Understand the complexities and nuances of the Bankruptcy Code to better advise clients and prepare for court.

By Diane Davis

A debtor who failed to disclose a prior lawsuit settlement and ownership of a clothing business in her Chapter 7 case can still get her debts wiped out, the U.S. Bankruptcy Court for the Middle District of Alabama held ( Jacobs v. Carroll (In re Carroll) , 2017 BL 285852, Bankr. M.D. Ala., 17-10004-DHW, 8/15/17 ).

Ina C. Carroll’s misstatements and omissions in her bankruptcy filing weren’t done with fraudulent intent, Judge Dwight H. Williams, Jr. wrote Aug. 15.

The court found that Carroll’s untruths or “white lies” resulted in little, if any, harm to her bankruptcy estate. There was little adverse effect on the trustee’s administration of the bankruptcy estate, the court said.

Bankruptcy Code Section 727(a)(4) grants a debtor a discharge unless they knowingly and fraudulently, in or in connection with the case, made a false oath or account.

Exceptions to discharge are construed liberally in favor of the debtor, the court said.

When Carroll filed Chapter 7, she failed to disclose on her bankruptcy schedules that in the prior year she received $7,500 from a lawsuit settlement and made four transfers. She paid $1,500 to her daughter, $500 to her father, $1,000 to her grandson, and $750 to church as her tithe.

Carroll also operated a small clothing business the year before filing and had gross sales of $1,300.

Later, she told the trustee at the meeting of creditors about the settlement and clothing store, and filed amended schedules to reflect this information.

Her “white lies” resulted in little, if any, harm to the bankruptcy estate because the business had been nonoperational for three months prior to bankruptcy and there were no remaining assets, the court said.

In addition, her “meager settlement” proceeds were completely disbursed as of the time of bankruptcy and had no effect on the estate, the court said.

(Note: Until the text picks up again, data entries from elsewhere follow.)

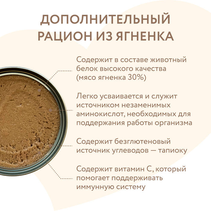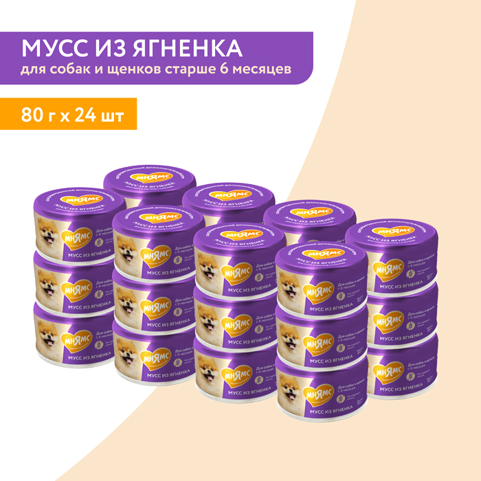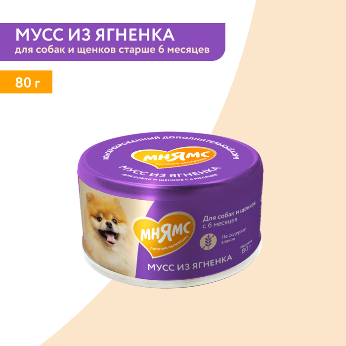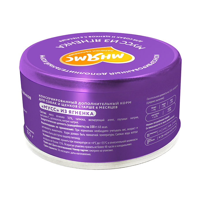 МНЯМС «мусс» из ягненка - консервированный дополнительный корм для собак и щенков старше 6 месяцев, 80г. Содержит в составе животный белок высокого качества (мясо ягненка 30%), который легко усваивается и служит источником незаменимых аминокислот, необходимых для поддержания здоровья и активности питомца, тапиоку – безглютеновый источник углеводов, а также витамин С, который помогает поддерживать иммунную систему. «Мусс» из ягненка рекомендуется использовать в качестве дополнительного источника питания к основному рациону вашей собаки. При этом важно учитывать индивидуальные потребности животного, включая его вес, возраст и уровень активности. Для собак разного веса предусмотрены различные нормы потребления, начиная от 80 г в день для собак весом до 5 кг и до 480 г для собак весом от 20 до 40 кг. Прекрасно подходит пожилым собакам, а также питомцам с чувствительным пищеварением и аллергией на курицу или злаки в составе кормов.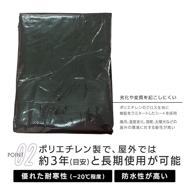 【仕様】本体サイズ:5.4×7.2m(呼称)、実寸サイズ:5.3m×7.1m(約24畳)/材質:ポリエチレン(本体)、アルミニウム(ハトメ)/ハトメ数:28ヵ所/ハトメ間隔:約90㎝/屋内仕様目安:約3年/カラー:ブラック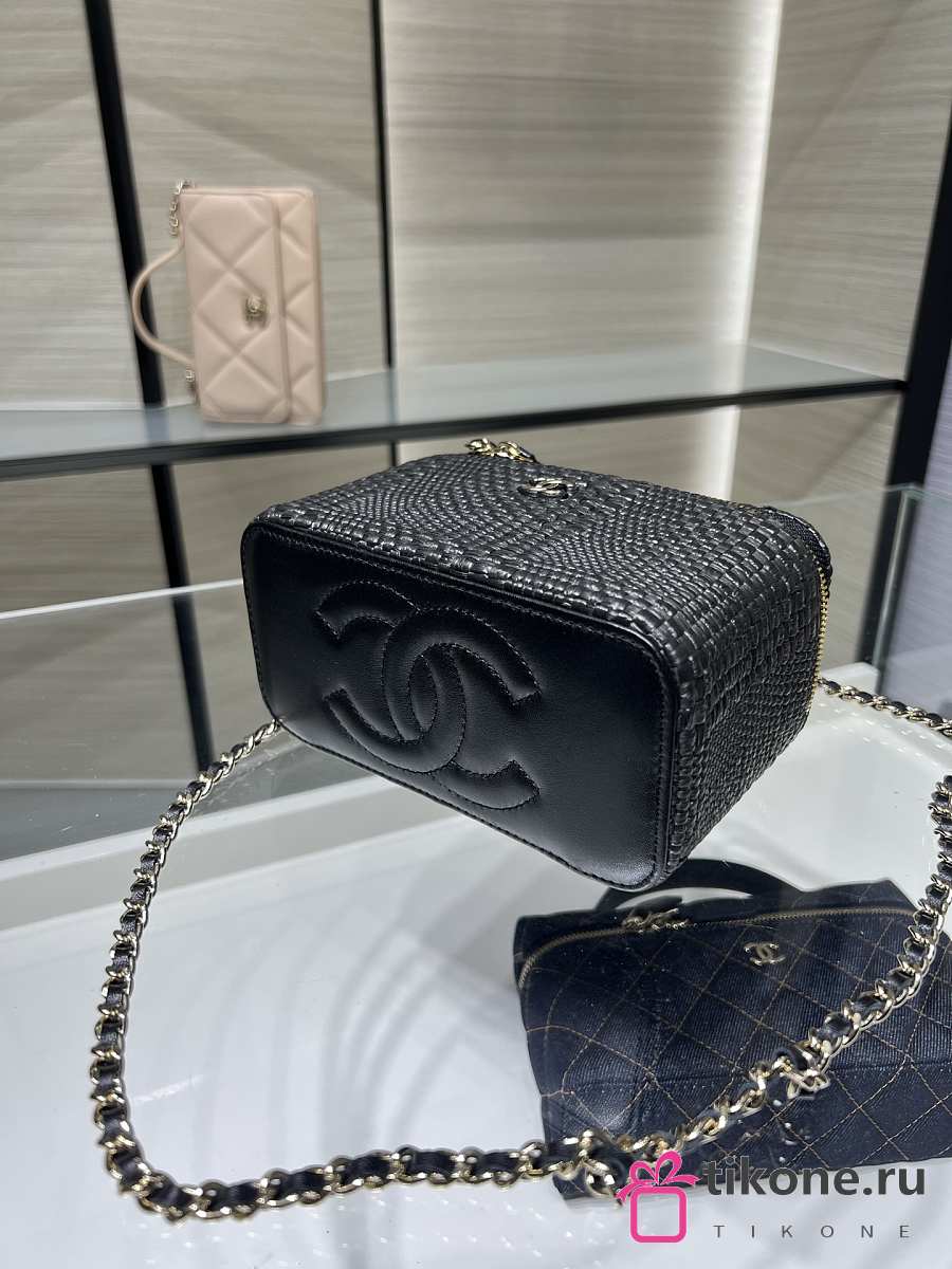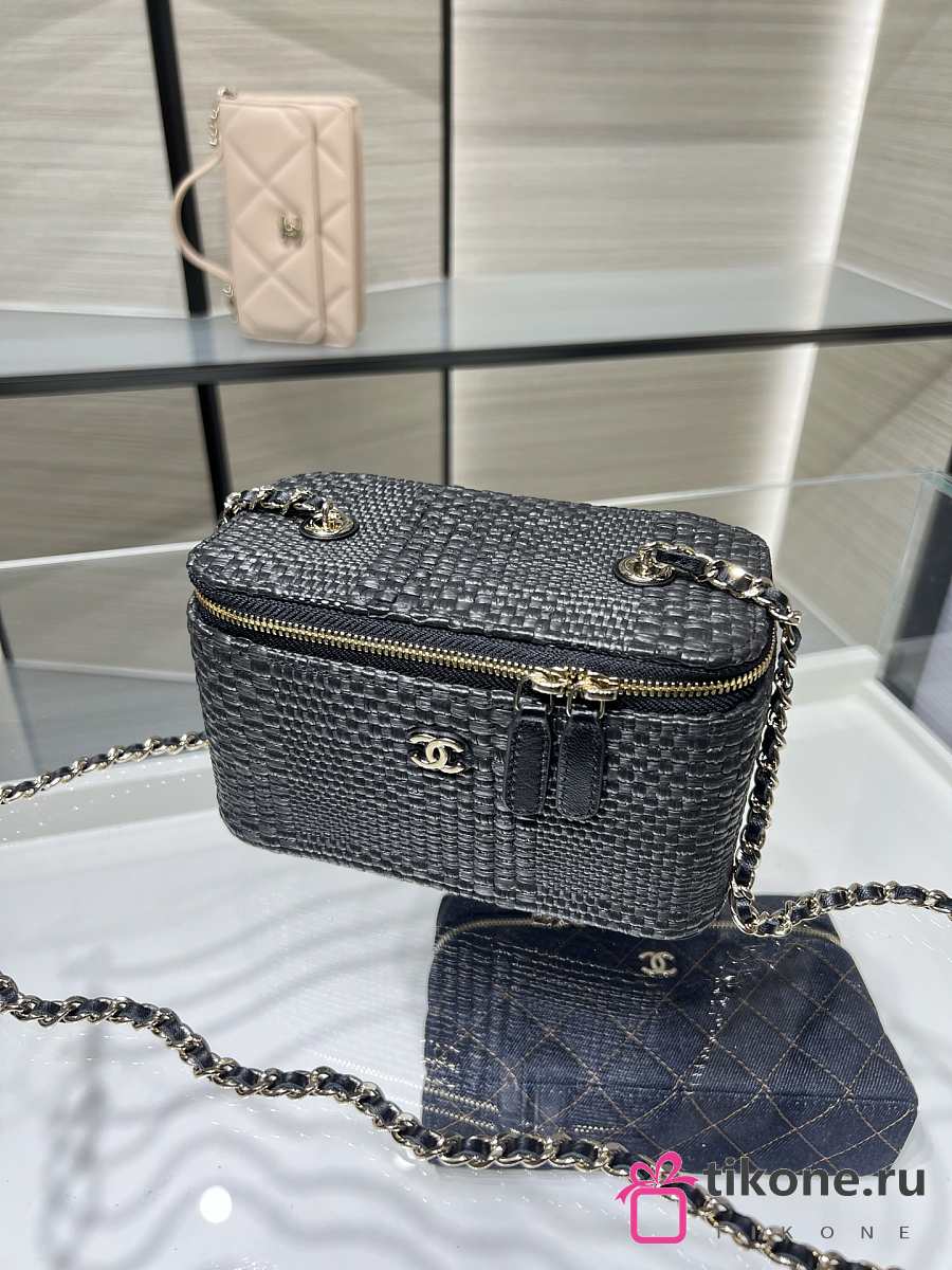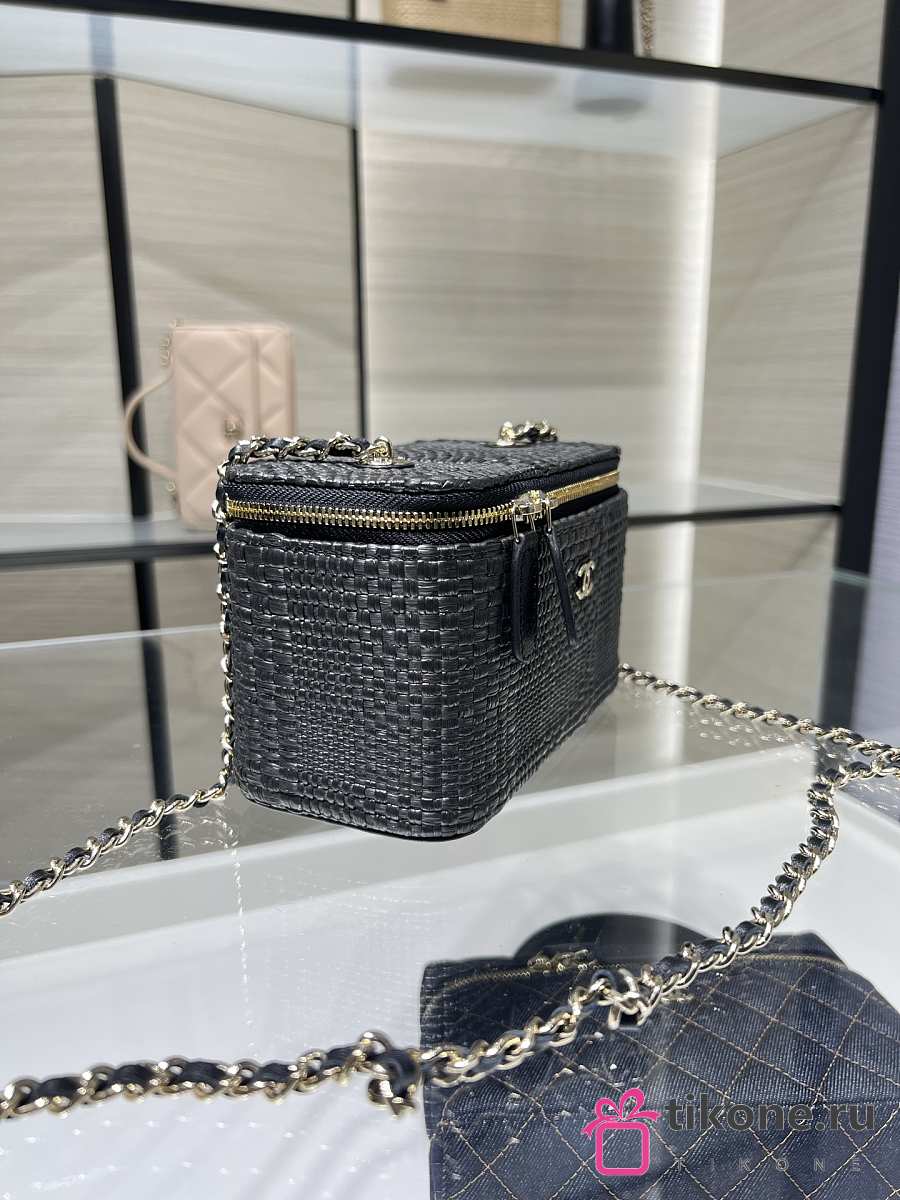 Chanel Classic Long Vanity with Chain Braided Raffia & Gold-Tone Metal Black - 17x9.5x8cm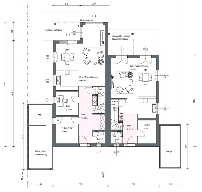 Variante 1 Haus links: ca. 194 m² Wfl., ca. EUR 630.000.– schlüsselfertig, ohne Garage, zzgl. Grundstück (diese Seite & Variante hat sich bereits unser Kunde ausgesucht) Variante 2 Haus rechts: ca. 135 m² Wfl., ca. EUR 450.000.– schlüsselfertig, ohne Garage, zzgl. Grundstück (Änderungen können mit Fertighausfirma besprochen werden)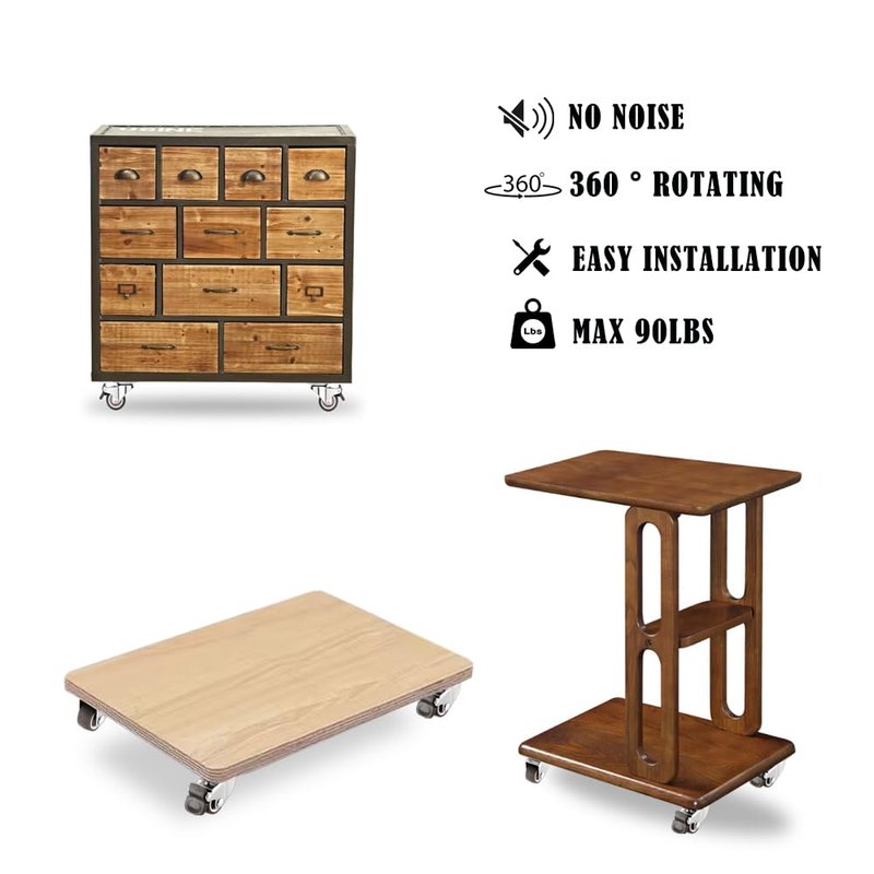 - 360 Degree Swivel: The swivel top plate of the swivel castor wheel allows for 360 degrees of rotation, and the small rubber castor wheel responds immediately to changes in direction, making it easier to turn corners, move furniture sideways, etc.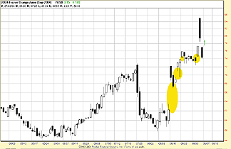 FIGURE 2: CONTINUATION. Runaway gaps abound in this chart of September orange juice futures.Exhaustion gaps: Appropriately enough, the last type of gap discussed here is the exhaustion gap. The exhaustion gap -- next to perhaps the breakaway gap -- is the easiest to recognize, at least in hindsight. Exhaustion gaps might be known as "last gasps" (if you'll forgive the pun); rather than signaling momentum to come (as both breakaway and runaway gaps do), exhaustion gaps signal that momentum is coming to an end. Unfortunately, as Magee reminds us while talking about both continuation gaps and exhaustion gaps, "the first two of these are easily distinguished as to type by their location with respect to the preceding price pattern, but the last is not always immediately distinguishable [from] the second."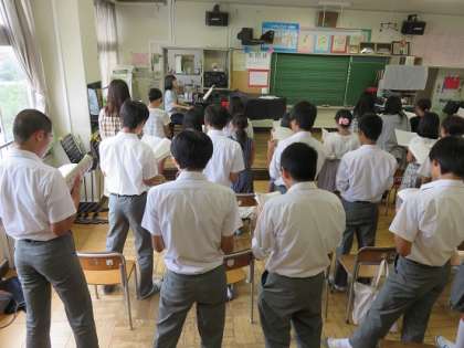 合唱を中学生とやりました。声出しでは『時の旅人』を歌っていました。男性パートと女性パートの“はもり”がきれいでした。私たち6年生は、中学生と一緒に、『夢の世界』を歌いました。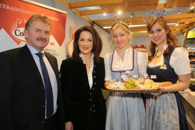 Als Heimat der Genüsse präsentiert sich der Freistaat derzeit auf der Internationalen Grünen Woche in Berlin. In der eigenen Bayernhalle können die Besucher der weltgrößten Ernährungsmesse zehn Tage lang entdecken und probieren, welche kulinarischen Genüsse und unvergleichlichen Spezialitäten der Freistaat zu bieten hat. Auch die Milchwerke Oberfranken aus Meeder und die Destillerie Möbus aus Bad Rodach (beide Lkr. Coburg) sind heuer unter dem Berliner Funkturm wieder mit von der Partie. Landwirtschaftsministerin Michaela Kaniber schaute bei ihrem Messerundgang am Stand der Genussbotschafter aus dem Coburger Land vorbei und unterstützte sie bei der Vermarktung der geistreichen Genüsse und vielfältigen Käse-Spezialitäten aus dem Frankenland.
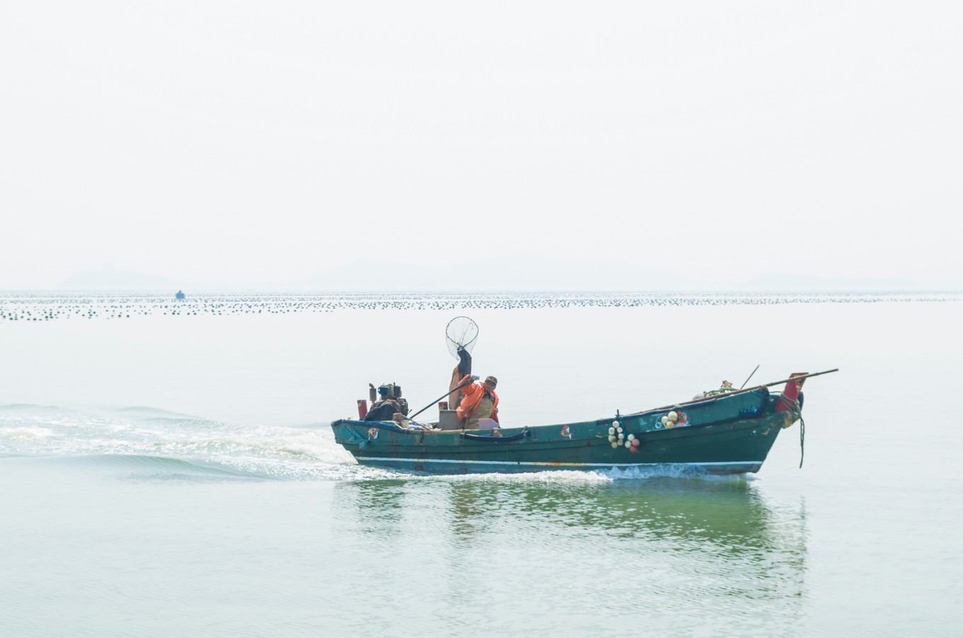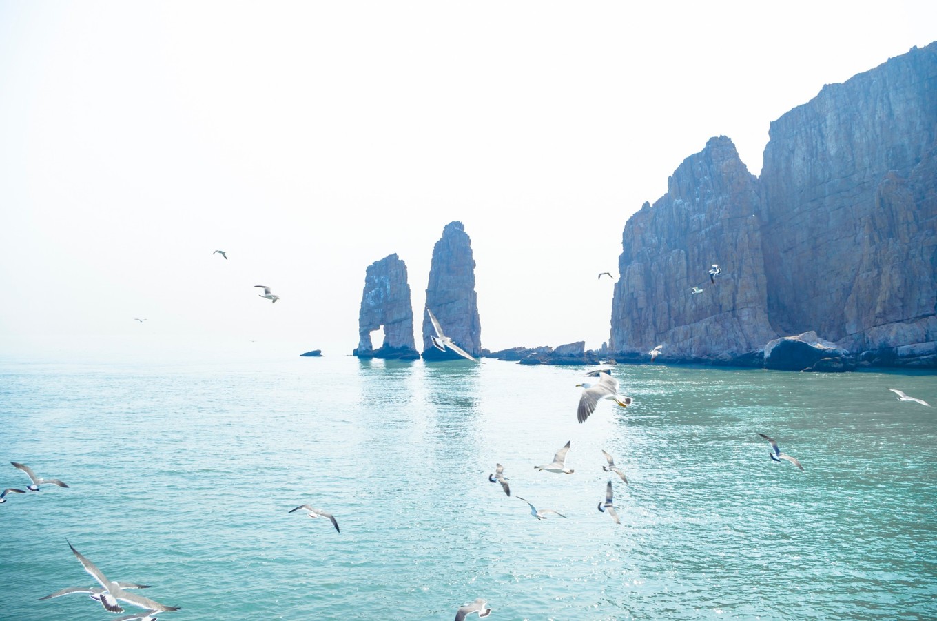 中午的時候,海面上還有些霧氣。遠(yuǎn)方的海面上有條紅色的船,襯著看得不太清楚的水汽,也多出來幾分藝術(shù)家的氣質(zhì)。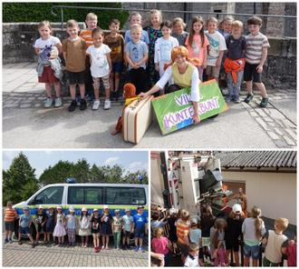 Im Juli besuchte uns Herr Schramm von der Polizei die Vorschulkinder. Gemeinsam mit den Kindern legte er einen Zebrastreifen und übte, dass richtige überqueren der Straße. Für einen sicheren Weg zur Schule, zeigte er uns das richtige Verhalten im Straßenverkehr. Alle durften sich einmal in den Polizeibus setzten und zum Schluss schaltete Herr Schramm das Blaulicht für uns an und überreichte allen Kindern ein Polizeiheft.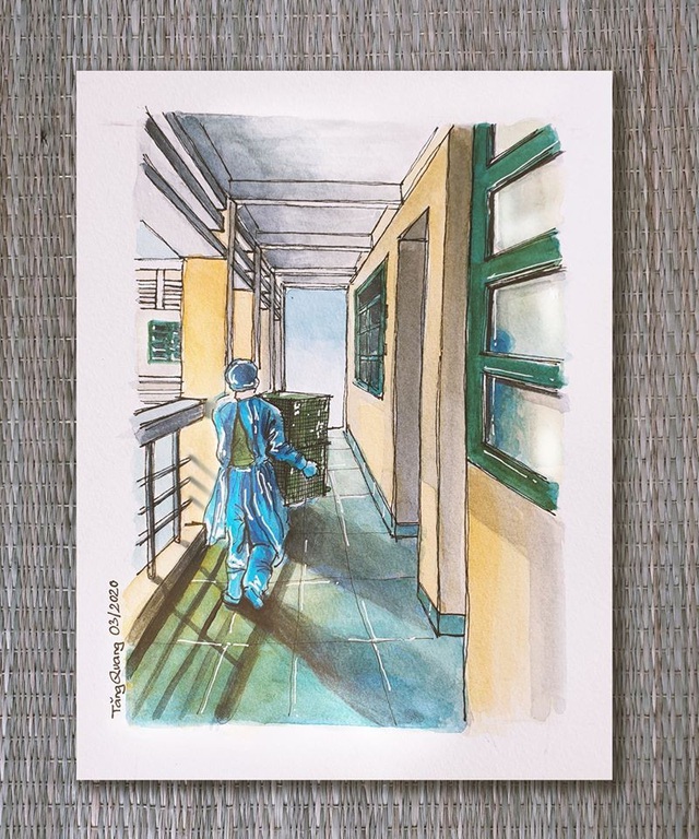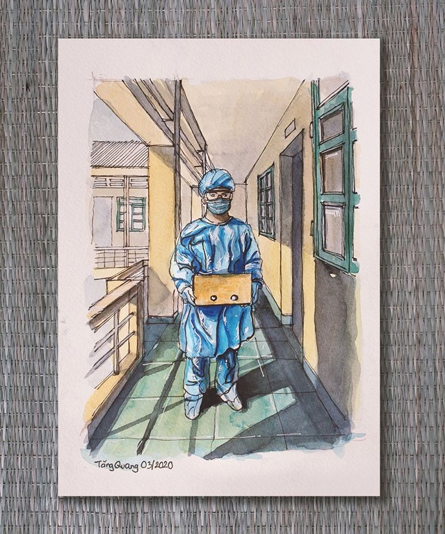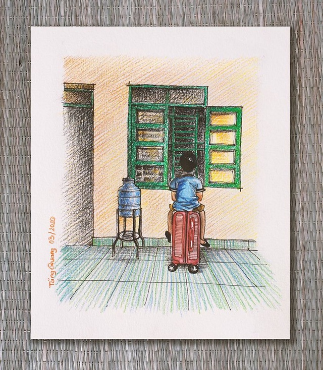 Quang cho hay, mỗi ngày, cậu bạn vẽ 4,5 bức, mỗi bức tầm 1 giờ, vẽ trong tầm 5 ngày. Trong khu cách ly chỉ có vài ba cây bút chì màu, hộp màu nước và 2 cây bút kim, Quang tận dụng tối đa những vật dụng này để vẽ nên những bức tranh chân thật nhất.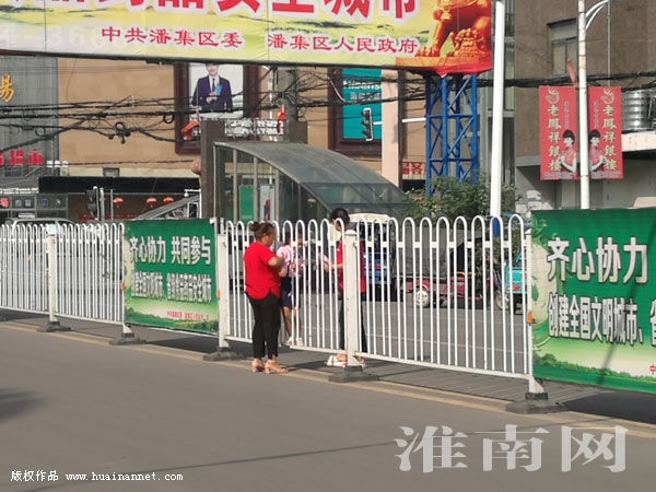 9月18日上午淮河早報、淮南網記者在潘集區黃山路上看到,一名家長帶著一個七八歲的孩子在馬路中央翻越護欄,女子已“成功”翻越,而孩子則在護欄的另一側,其伸出手臂,試圖將孩子抱起越過護欄。

Even the trustee found these amounts so small that he hadn’t filed any actions to avoid these transfers, the court said.

There was also a lack of fraudulent intent regarding the omissions in the bankruptcy schedules, the court said.

The Valenzuela Law Firm, LLC, Ozark, Ala., represented Carroll; Trustee William C. Carn III, Dothan, Ala., represented himself.